- _DATA TO EXAMINE_

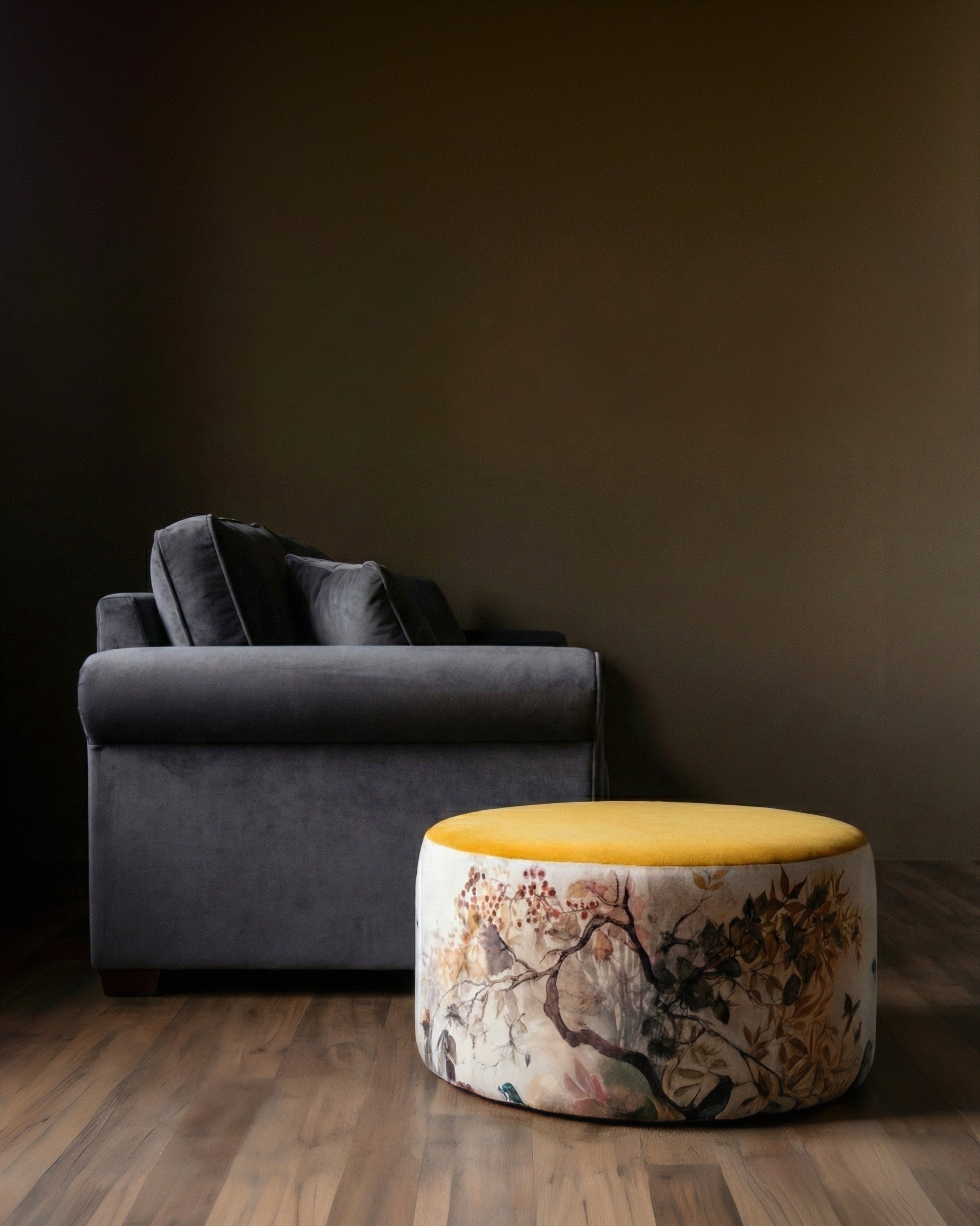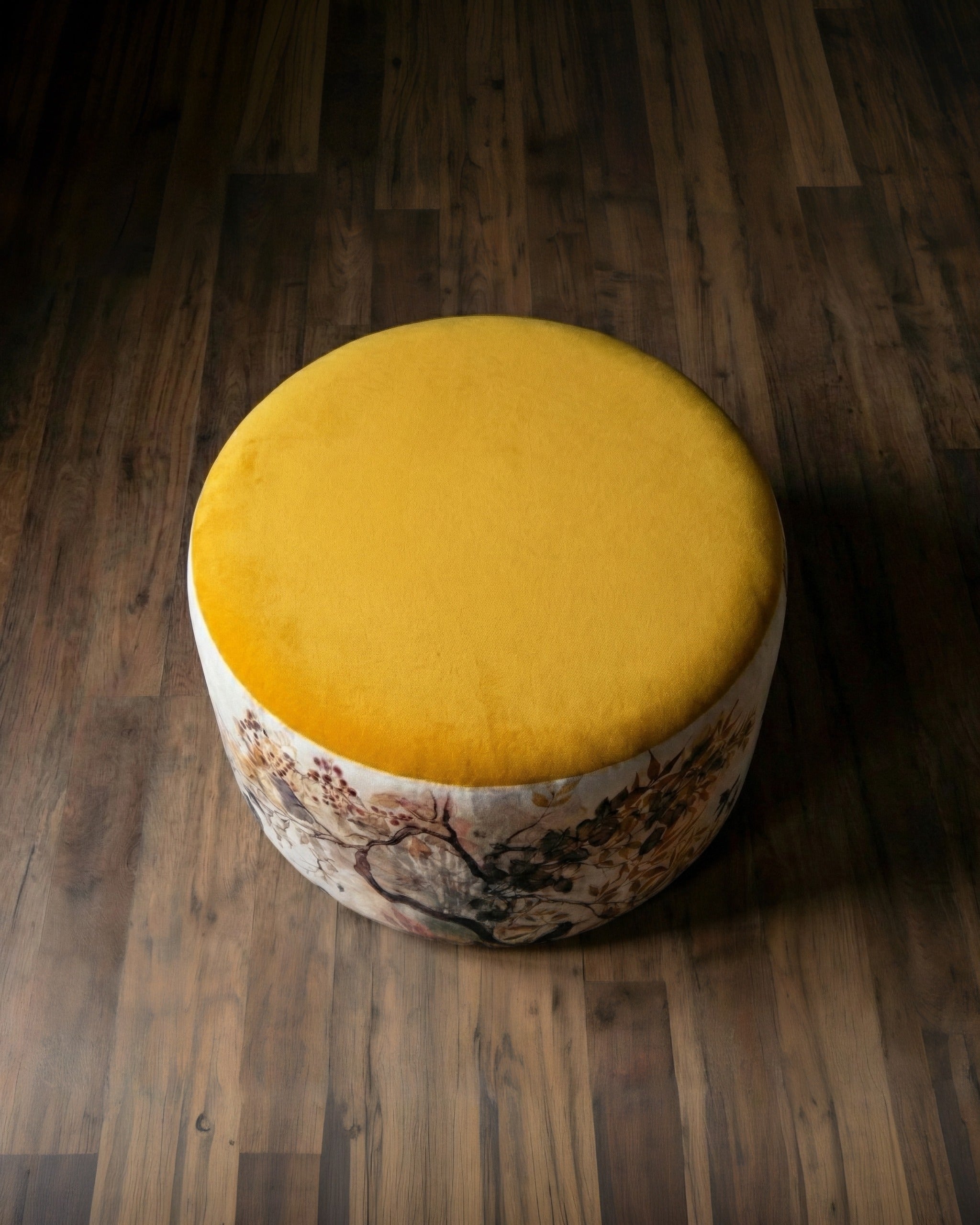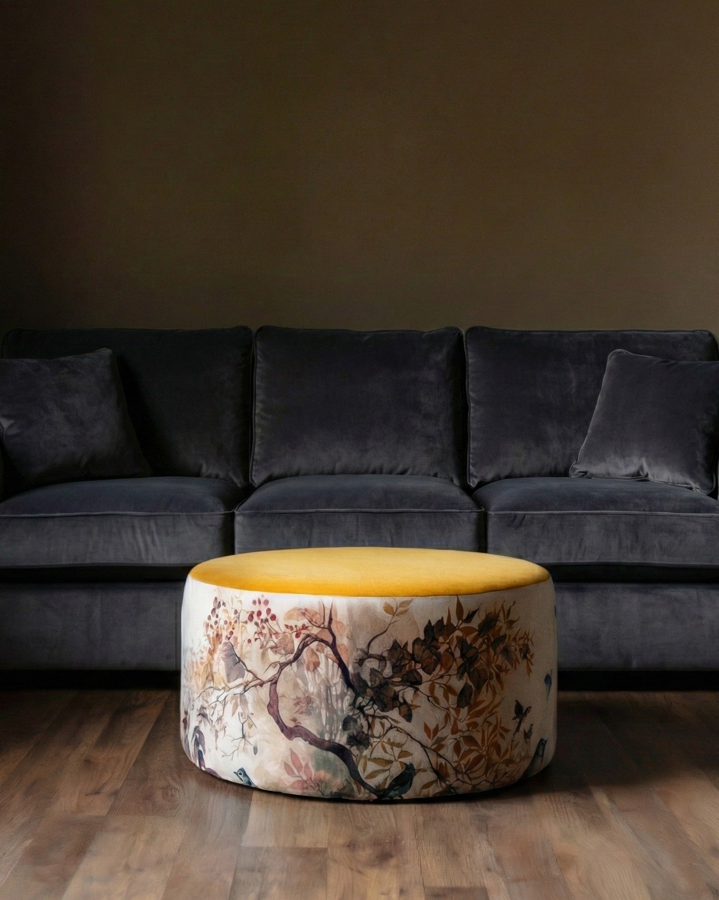 Introduce a touch of nature-inspired luxury to your living space with this exquisite round ottoman. The top is upholstered in a plush, sun-drenched yellow velvet, offering a vibrant pop of color and an incredibly soft, inviting texture. The sides feature a richly detailed botanical print, showcasing painterly branches, autumn leaves, berries, and perched birds in warm, earthy tones. This artisan-crafted stool serves as a stunning focal point, perfect as a chic footrest, a unique coffee table alternative, or elegant extra seating. Its versatile design and premium materials make it a sophisticated addition to any room.
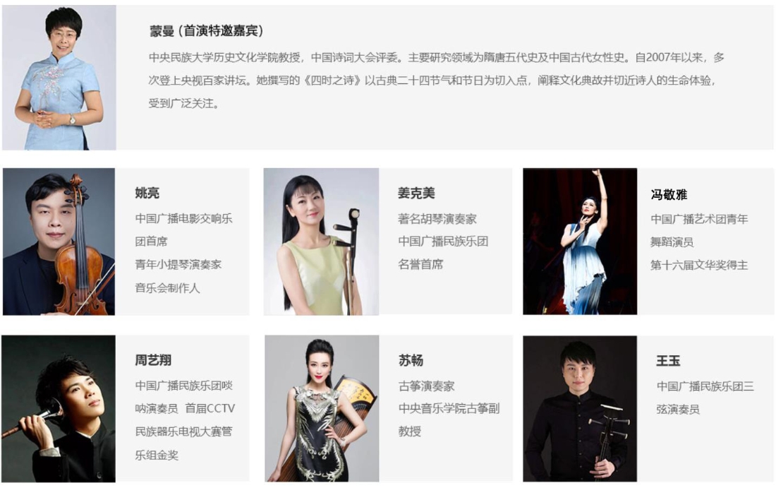 音樂會在2021年7月1日在北展劇場首演,現場特別邀請了中央民族大學歷史文化學院教授,中國詩詞大會點評嘉賓蒙曼教授的強力加盟。音樂會一度引發了熱烈反響,演出后現場觀眾滿意度調查占比高達97.64%。
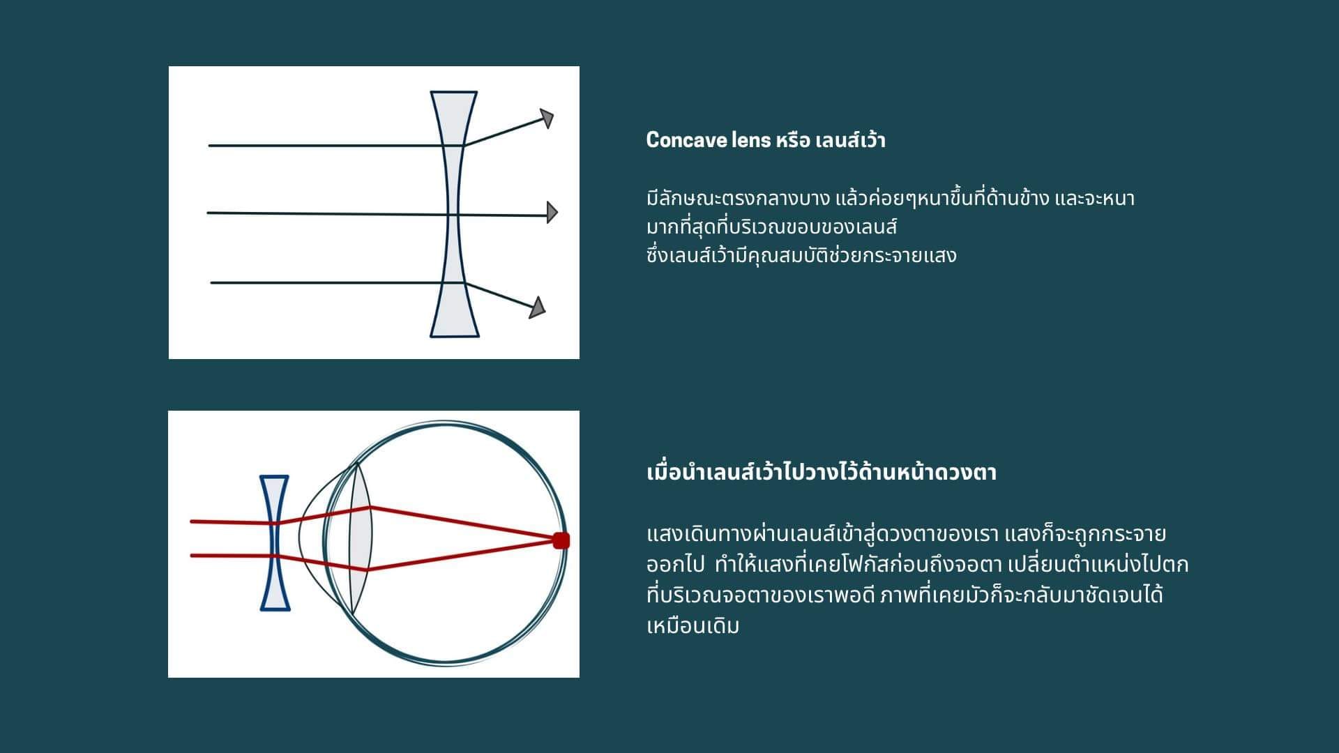 คำตอบก็คือ = การใช้เลนส์เว้า หรือเลนส์ลบ วางไว้ด้านหน้าดวงตา เพื่อผลักแสงให้ถอยหลังไปโฟกัสที่จอตาของเราพอดี
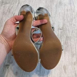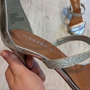 Strappy Madden Girl Daleah Sparkly Silver Zip-Back Heels Size 5.5
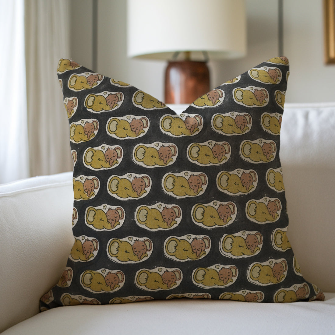 Elephant Handblock Printed Throw Pillow Covers for Couch - Black & Brown
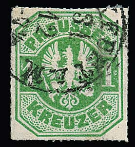 Kreuzer, gestempelte Kabinettserie, je sign. Meier, und zusätzlich 1 Kr. grün mit Letzttags-K1 von Frankfurt, 31.12. Mi. 375,- ++
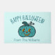 Obtenez cette jolie Jack-o'-lantern turquoise citrouille Happy Halloween tour ou de traiter le tapis de porte pour que les familles qui ont des enfants allergiques savent que vous offrez des friandises non alimentaires et allergiques. Personnalisez avec votre nom de famille !

- _DIRECTIONS_
Retype every record above word for word, leaving out any pictures.

- _WRITTEN RESPONSE_
 Introduce a touch of nature-inspired luxury to your living space with this exquisite round ottoman. The top is upholstered in a plush, sun-drenched yellow velvet, offering a vibrant pop of color and an incredibly soft, inviting texture. The sides feature a richly detailed botanical print, showcasing painterly branches, autumn leaves, berries, and perched birds in warm, earthy tones. This artisan-crafted stool serves as a stunning focal point, perfect as a chic footrest, a unique coffee table alternative, or elegant extra seating. Its versatile design and premium materials make it a sophisticated addition to any room.
 音樂會在2021年7月1日在北展劇場首演,現場特別邀請了中央民族大學歷史文化學院教授,中國詩詞大會點評嘉賓蒙曼教授的強力加盟。音樂會一度引發了熱烈反響,演出后現場觀眾滿意度調查占比高達97.64%。
 คำตอบก็คือ = การใช้เลนส์เว้า หรือเลนส์ลบ วางไว้ด้านหน้าดวงตา เพื่อผลักแสงให้ถอยหลังไปโฟกัสที่จอตาของเราพอดี
 Strappy Madden Girl Daleah Sparkly Silver Zip-Back Heels Size 5.5
 Elephant Handblock Printed Throw Pillow Covers for Couch - Black & Brown
 Kreuzer, gestempelte Kabinettserie, je sign. Meier, und zusätzlich 1 Kr. grün mit Letzttags-K1 von Frankfurt, 31.12. Mi. 375,- ++
 Obtenez cette jolie Jack-o'-lantern turquoise citrouille Happy Halloween tour ou de traiter le tapis de porte pour que les familles qui ont des enfants allergiques savent que vous offrez des friandises non alimentaires et allergiques. Personnalisez avec votre nom de famille !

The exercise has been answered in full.